Pursuant to the language of the statute, in order to be a "vendor" Mrs. Pasha must have been "engaged in the business" of constructing the home purchased by the Plaintiffs. The Plaintiffs allege in their complaint that the Pashas "are engaged in the business of erecting and/or improving real estate." The evidence does not support such a conclusion as to Mrs. Pasha. The evidence was sufficient to support a conclusion that Mr. Pasha was engaged in such a business, and had been for sometime. Consequently, he would have been subject to the statutes on new home warranties. The same conclusion cannot be reached regarding his wife, however, based solely on her relationship to him as such, without more. The evidence established that Mr. Pasha was responsible for directing the construction of the house, negotiating with the Plaintiffs regarding its sale, and interacting with the building officials during their inspections. Mr. Pasha also interacted with the Plaintiffs after the pipe burst, inspecting the premises with Mr. Vejseli and the building inspector and offering to make repairs. Although Mrs. Pasha may have assisted her husband on occasion while he was working on the house or accompanied him when he went to buy supplies, and the family was supported by his work, the evidence did not establish that Mrs. Pasha took part in any of the significant decision making regarding the building or sale of the house or was a partner in any real way with him in his construction business. In fact, Mrs. Pasha did not want to sell the house. Thus the evidence does not support the claim that Mrs. Pasha was engaged in the business of erecting or creating improvements to real estate and a "vendor" within the meaning of the statutes.
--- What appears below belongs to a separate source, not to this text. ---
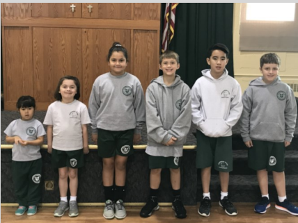
Super Slades Week of 10/01/18-10/05/18

Friday, 10/05/18 —Brown bag lunches donated for Happy Helpers for the Homeless, Gr. 3 & 4; Student Bake Sale

Therefore Mrs. Pasha is not liable to the Plaintiffs pursuant to the New Home Warranties Act and judgment shall enter in her favor on the Fourth and Fifth Counts.

Sixth Count — Breach of Contract

Although the parties have not addressed, in their post-trial briefs, the claims against Mrs. Pasha in the Sixth and Eighth Counts, since they have not been withdrawn, the court will rule upon them.

In the Sixth Count of their complaint the Plaintiffs claim that: "By the express and implied terms of the purchase/sale agreement the Sellers promised to construct the Premises without the aforesaid defects and in full compliance with the laws, rules and regulations of the State of Connecticut and the Town." A review of the contract of sale indicates that the contract was not for construction of the premises but for conveyance of the real property together with the "Buildings and improvements thereon." In that regard, the contract did provide that the "Seller will provide an unconditional `Certificate of Occupancy' issued by the Town of Watertown," which the Plaintiffs admit was provided. Paragraph 21 of the Complaint alleges that: "On or about June 20, 2001 the Town issued a Certificate of Occupancy for the Premises certifying that the property and structures thereon were in substantial conformity with the codes and regulations of the Town and the State of Connecticut."

Therefore the Plaintiffs cannot prevail on this count, against Mrs. Pasha, since there is no evidence that she breached the terms of the contract for sale.

Judgment shall enter in her favor on the Sixth Count.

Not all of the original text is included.